→ What you have to do:
Beneath this line sits some data. Return only its lines from the one holding "Люстра світлодіодна білі" through the one holding "3. Effetti>Plugins>Filters Unlimited", inclusive, exactly, with the images removed.

Exercise material START

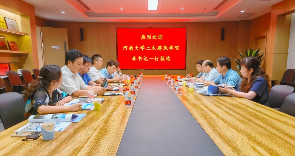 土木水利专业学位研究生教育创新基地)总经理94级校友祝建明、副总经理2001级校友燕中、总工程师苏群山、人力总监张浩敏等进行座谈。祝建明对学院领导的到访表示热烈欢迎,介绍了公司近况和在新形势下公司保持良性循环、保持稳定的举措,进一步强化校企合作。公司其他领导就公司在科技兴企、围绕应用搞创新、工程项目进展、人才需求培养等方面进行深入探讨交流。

Exercise material END
Exercise material START

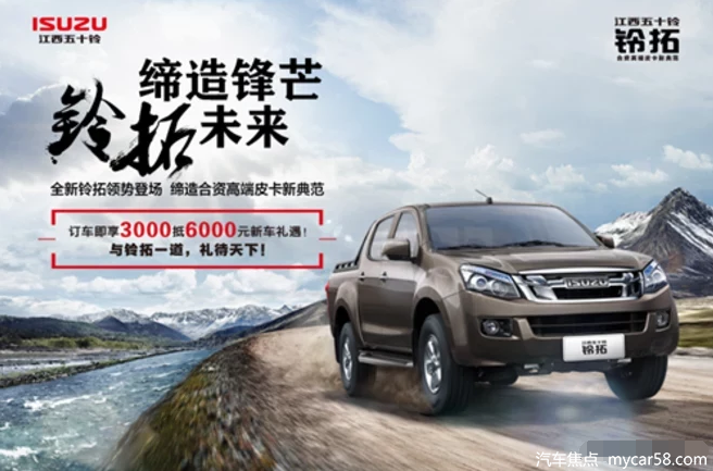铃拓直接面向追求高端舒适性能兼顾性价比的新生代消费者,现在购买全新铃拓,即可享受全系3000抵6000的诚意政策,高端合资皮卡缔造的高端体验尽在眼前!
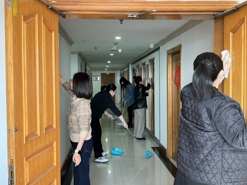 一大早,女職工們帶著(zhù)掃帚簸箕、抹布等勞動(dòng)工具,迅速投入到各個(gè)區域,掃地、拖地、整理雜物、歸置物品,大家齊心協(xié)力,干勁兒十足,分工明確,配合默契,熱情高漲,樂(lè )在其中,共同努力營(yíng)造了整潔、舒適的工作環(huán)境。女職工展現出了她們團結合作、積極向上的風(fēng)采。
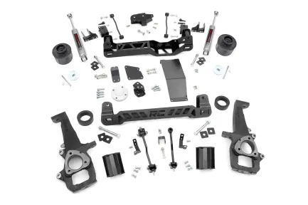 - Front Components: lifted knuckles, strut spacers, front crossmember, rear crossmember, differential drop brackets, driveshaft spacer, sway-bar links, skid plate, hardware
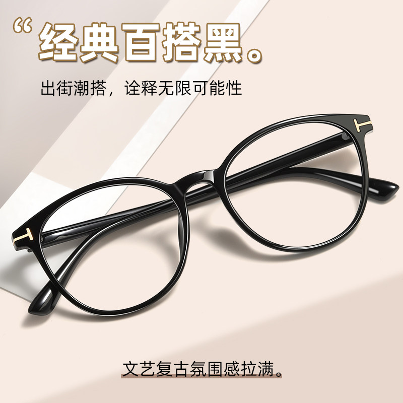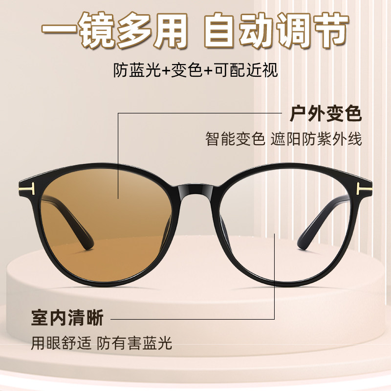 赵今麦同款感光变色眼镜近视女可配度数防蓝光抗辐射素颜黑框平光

Exercise material END
Exercise material START

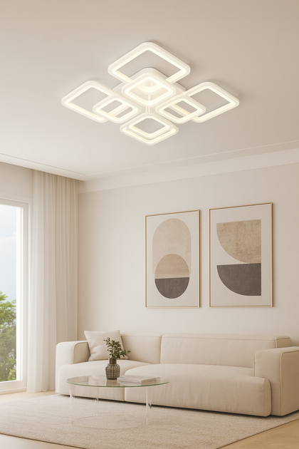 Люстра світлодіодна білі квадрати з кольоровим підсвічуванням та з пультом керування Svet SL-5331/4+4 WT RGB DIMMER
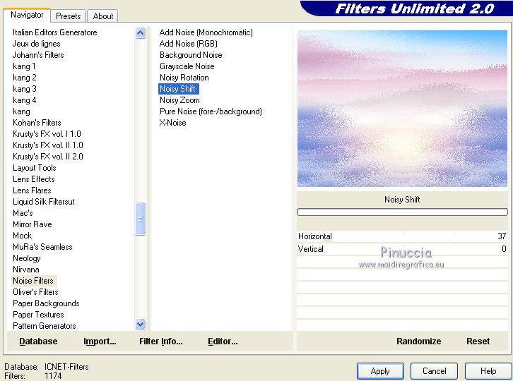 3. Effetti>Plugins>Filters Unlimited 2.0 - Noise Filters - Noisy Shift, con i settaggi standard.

Exercise material END

→ Worked solution:
 Люстра світлодіодна білі квадрати з кольоровим підсвічуванням та з пультом керування Svet SL-5331/4+4 WT RGB DIMMER
 3. Effetti>Plugins>Filters Unlimited 2.0 - Noise Filters - Noisy Shift, con i settaggi standard.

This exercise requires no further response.